Supplied records →
- - - - -

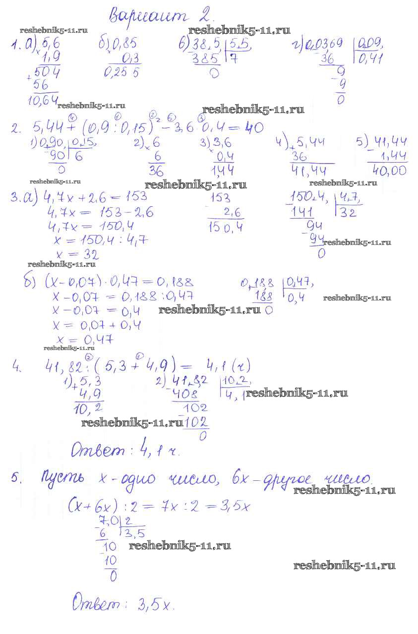 Готовая домашняя работа с ответами по Математике за 5 класс Журавлев, Свентковский Контрольные и самостоятельные работы УМК Экзамен 2015 ФГОС - КР-12. Варианты 2
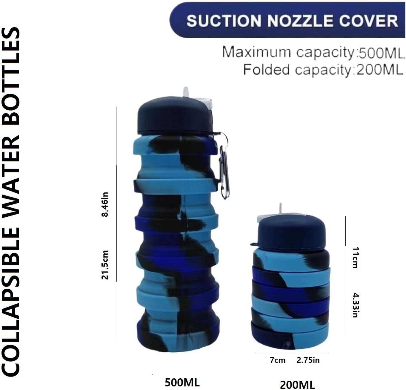 Collapsible Water Bottles 2 Pack 16oz(about 500ml), Travel Portable Sport Water Bottle, Silicone Foldable Water Bottles for Gym Camping Outdoor Hiking. (Black+Blue)
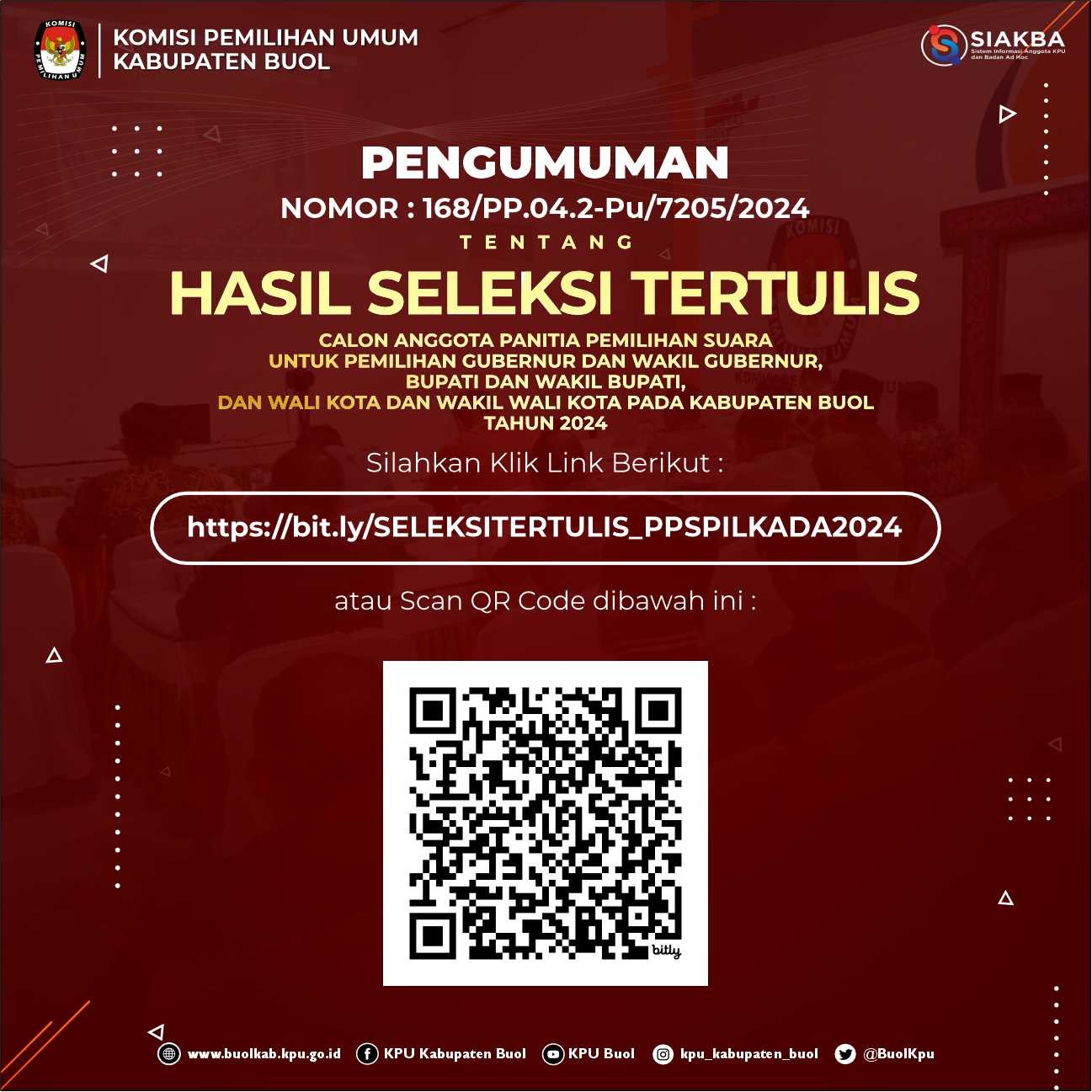 PENGUMUMAN HASIL SELEKSI TERTULIS CALON ANGGOTA PANITIA PEMUNGUTAN SUARA PILKADA 2024 Senin, 20 Mei 2024 00:00 441 Download Disini Baca Selengkapnya
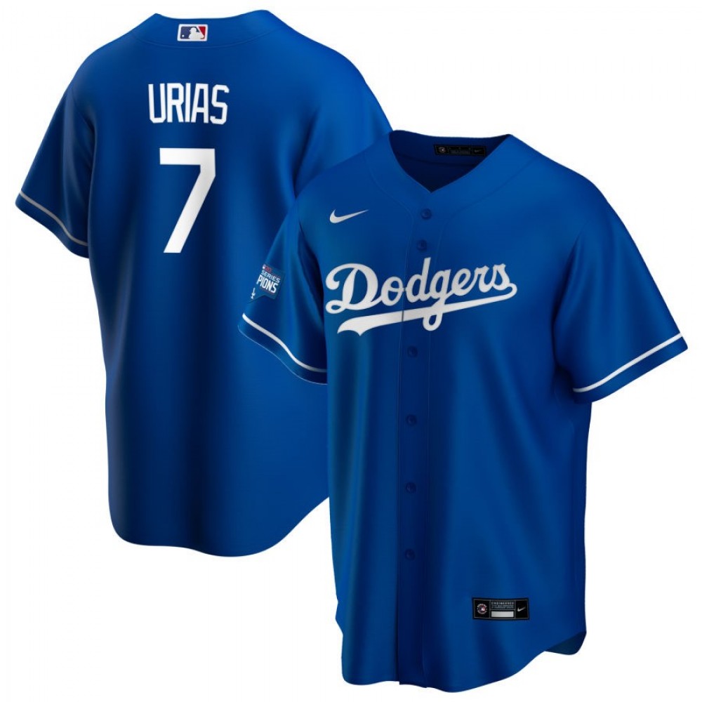 Il prezzo originale era: $119.99.$23.99Il prezzo attuale è: $23.99.Men’s Los Angeles Dodgers Julio Urías #7 Nike Royal 2020 World Series Champions Home Jersey
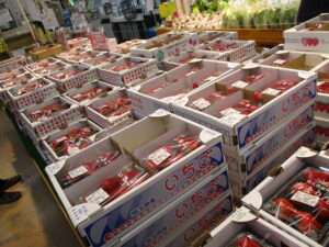 本日も、『あまりん・べにたま・紅ほっぺ・とちおとめ・やよいひめ』などの『いちご』大量入荷中!
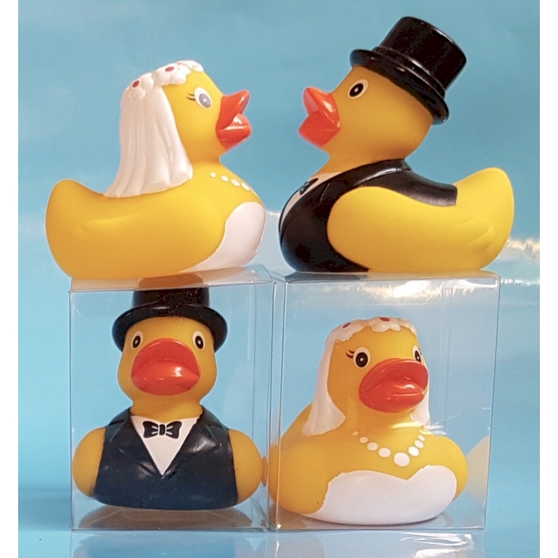 Zet deze bruidegom badeend op de bruidstaart of gebruik hem als decoratie op een bruiloft. Maar dit bruidegom eendje is ook een origineel bruiloft bedankje. De bruidegom is verpakt in een transparant doosje. Hoogte eendje ongeveer 6,5 cm.
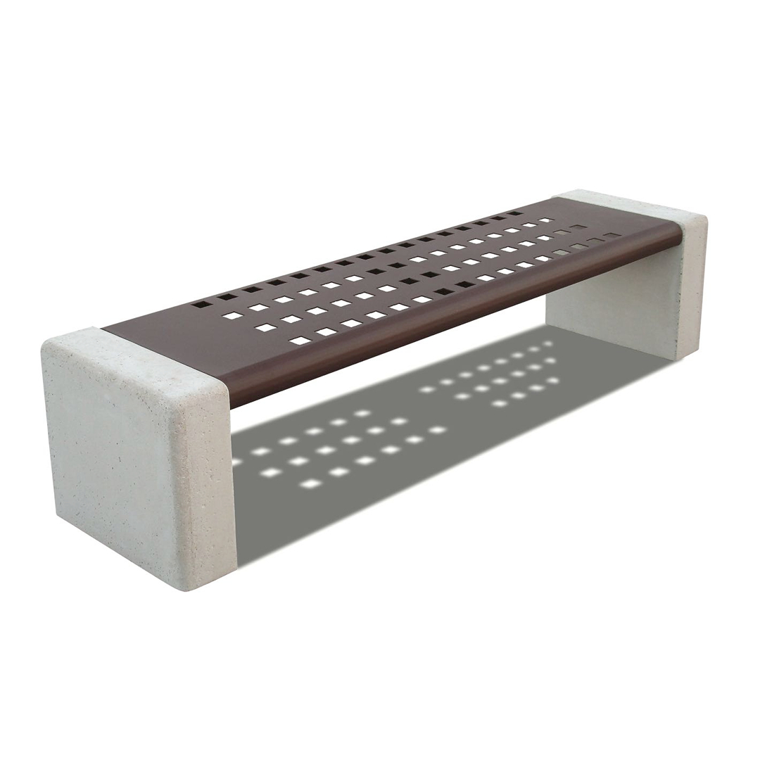 Seduta avente fori passanti, realizzata in acciaio zincato e verniciato color corten, con supporti laterali in calcestruzzo bianco effetto pietra. Articolo da montare.
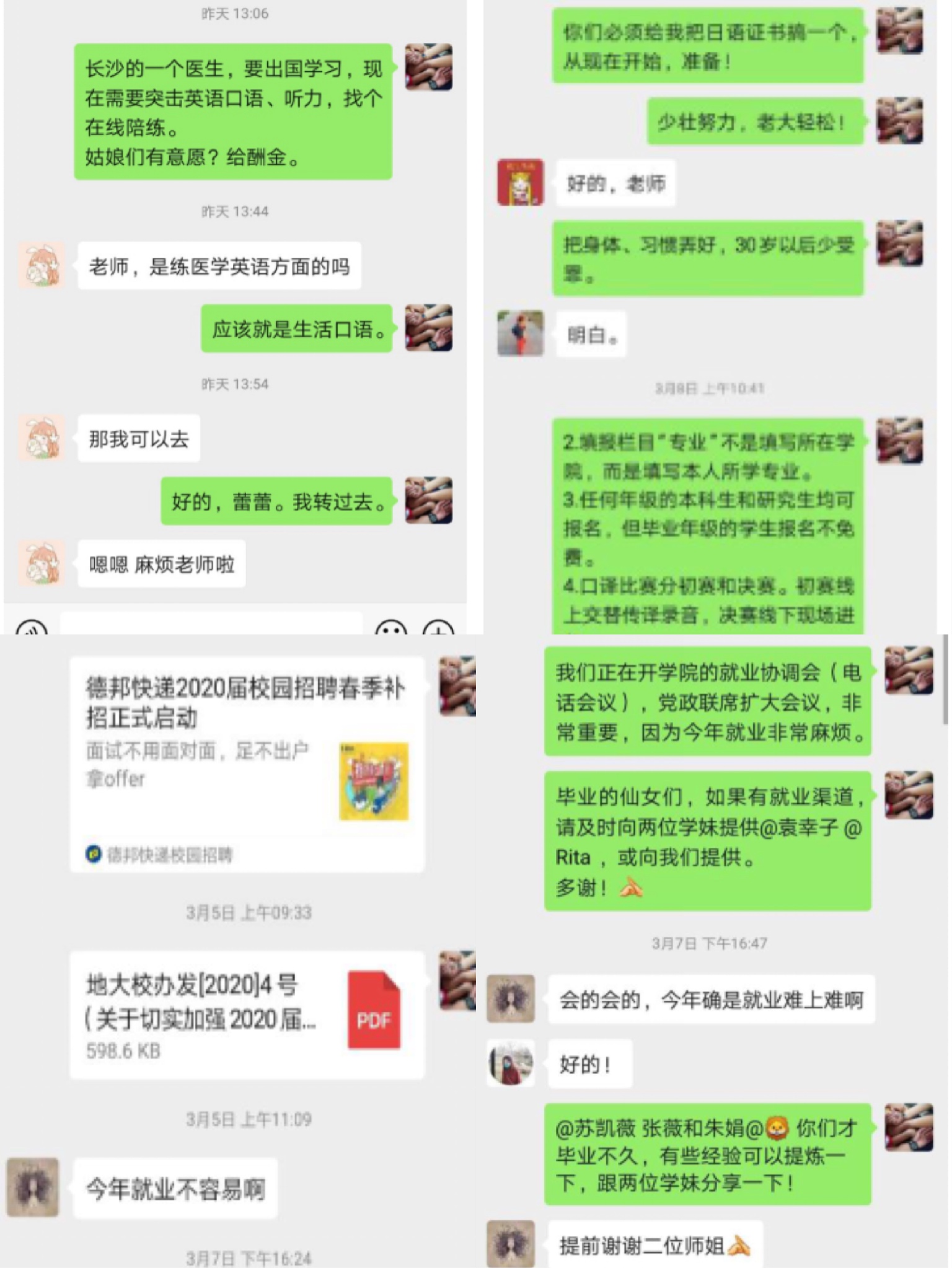 (通讯员 金虹)三月,疫情发展持续向好,但毕业生就业升学的形势依然严峻。面对疫情防控和毕业生就业的双重压力,db真人体育官网及时建立与疫情防控相适应的毕业生就业工作机制,号召全体教职员工调动一切资源和力量,深入了解和帮助员工,坚决打赢就业攻坚战。外院研究生导师们积极响应公司、公司号召,对毕业研究生在求职就业和心理疏导方面给予了无微不至的关怀与帮助。在求职就业方面,他们及时了解员工动态,不遗余力帮助员工寻找各类招聘信息和资源,加强求职观念、技能和面试的线上指导;在生活方面,他们在确保员工论文顺利完成的同时,密切关注员工的身体和心理健康。在公司和公司之外,他们是毕业研究生身边最可靠的坚强后盾。

- - - - -

Assigned task → Restate the material above exactly. Exclude all pictures.

Solution to this exercise →
 Готовая домашняя работа с ответами по Математике за 5 класс Журавлев, Свентковский Контрольные и самостоятельные работы УМК Экзамен 2015 ФГОС - КР-12. Варианты 2
 Collapsible Water Bottles 2 Pack 16oz(about 500ml), Travel Portable Sport Water Bottle, Silicone Foldable Water Bottles for Gym Camping Outdoor Hiking. (Black+Blue)
 PENGUMUMAN HASIL SELEKSI TERTULIS CALON ANGGOTA PANITIA PEMUNGUTAN SUARA PILKADA 2024 Senin, 20 Mei 2024 00:00 441 Download Disini Baca Selengkapnya
 Il prezzo originale era: $119.99.$23.99Il prezzo attuale è: $23.99.Men’s Los Angeles Dodgers Julio Urías #7 Nike Royal 2020 World Series Champions Home Jersey
 本日も、『あまりん・べにたま・紅ほっぺ・とちおとめ・やよいひめ』などの『いちご』大量入荷中!
 Zet deze bruidegom badeend op de bruidstaart of gebruik hem als decoratie op een bruiloft. Maar dit bruidegom eendje is ook een origineel bruiloft bedankje. De bruidegom is verpakt in een transparant doosje. Hoogte eendje ongeveer 6,5 cm.
 Seduta avente fori passanti, realizzata in acciaio zincato e verniciato color corten, con supporti laterali in calcestruzzo bianco effetto pietra. Articolo da montare.
 (通讯员 金虹)三月,疫情发展持续向好,但毕业生就业升学的形势依然严峻。面对疫情防控和毕业生就业的双重压力,db真人体育官网及时建立与疫情防控相适应的毕业生就业工作机制,号召全体教职员工调动一切资源和力量,深入了解和帮助员工,坚决打赢就业攻坚战。外院研究生导师们积极响应公司、公司号召,对毕业研究生在求职就业和心理疏导方面给予了无微不至的关怀与帮助。在求职就业方面,他们及时了解员工动态,不遗余力帮助员工寻找各类招聘信息和资源,加强求职观念、技能和面试的线上指导;在生活方面,他们在确保员工论文顺利完成的同时,密切关注员工的身体和心理健康。在公司和公司之外,他们是毕业研究生身边最可靠的坚强后盾。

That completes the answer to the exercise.